Personal Branding: How to Combat a Regretful Online Identity
On the Internet, your reputation often precedes you. There are many positive attributes of the Internet to use in building your personal brand, but what happens when something dreadful is written about you? The scary thing about the Internet is that it’s very difficult to get rid of something after it’s been posted.
Reputation management is a moving target and often out of your control, especially if someone publishes something about you that is less than flattering. It becomes more complicated when your digital dirt is true.
Many companies conduct social media background checks and are legally allowed to keep the records for seven years. Here are some of the things that they look for in a background check.

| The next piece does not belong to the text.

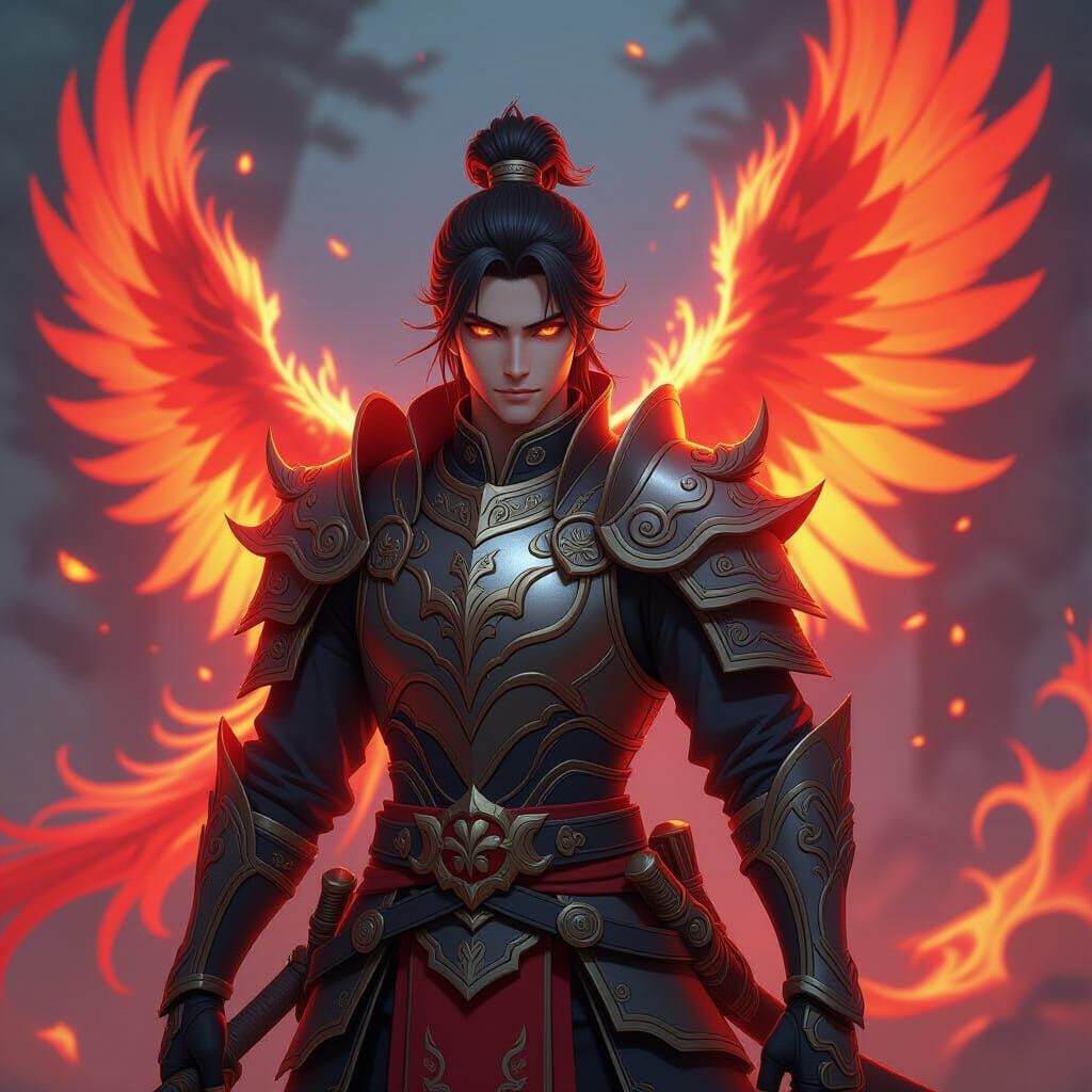 A 3D anime-style depiction of a phoenix clan's crown prince in fiery armor, radiating charm and pride amidst ethereal flames. The character design blends Pixiv's vibrant colors with a stylized aesthetic.

Compromising pictures of you, including inappropriate sexually explicit pictures
Racial slurs or discriminatory posts
Illegal activities, including drugs or excessive alcohol abuse
Posts that badmouth previous employers
Discrepancies in your work history or evidence of mistruths
You need to minimize your digital dirt. To do so, keep activity high with sites that you can control so that they show up on page one of your Google search. The more active you are online, the more it raises your search results.
People often don’t look beyond two or three pages of search results, so by taking the offensive and getting a lot of content on the Internet, a search of your name will show your positive sites first.
Some of the sites that often show up on page one are these:
A blog or website with your domain name
Your Google profile
Your LinkedIn profile
Your Facebook profile
Your Vizibility.com QR code profile
Comments you’ve made on popular blog sites
Be cautious about what you post online. On social networking sites, establish your privacy settings to avoid letting everyone see everything about you. Limit the amount of personal information posted about you online. Delete any unwanted or inappropriate comments that someone makes on one of your personal sites.
Remove your name on photos where you have been tagged and may not want to be identified. (This is especially true of pictures taken at parties where you may have had one too many drinks — or even appear that you did.)
Engage a few Internet tracking tools to follow what is showing up about you online. Continually check all your sites, and periodically do a Google search on yourself to see what shows up. Create a Google Alert that communicates when you’re being searched or when new content is added about you.
Addictomatic is a site that allows you to view online references about yourself across multiple platforms at the same time. These are just two examples of sites to help you stay on top of your online reputation.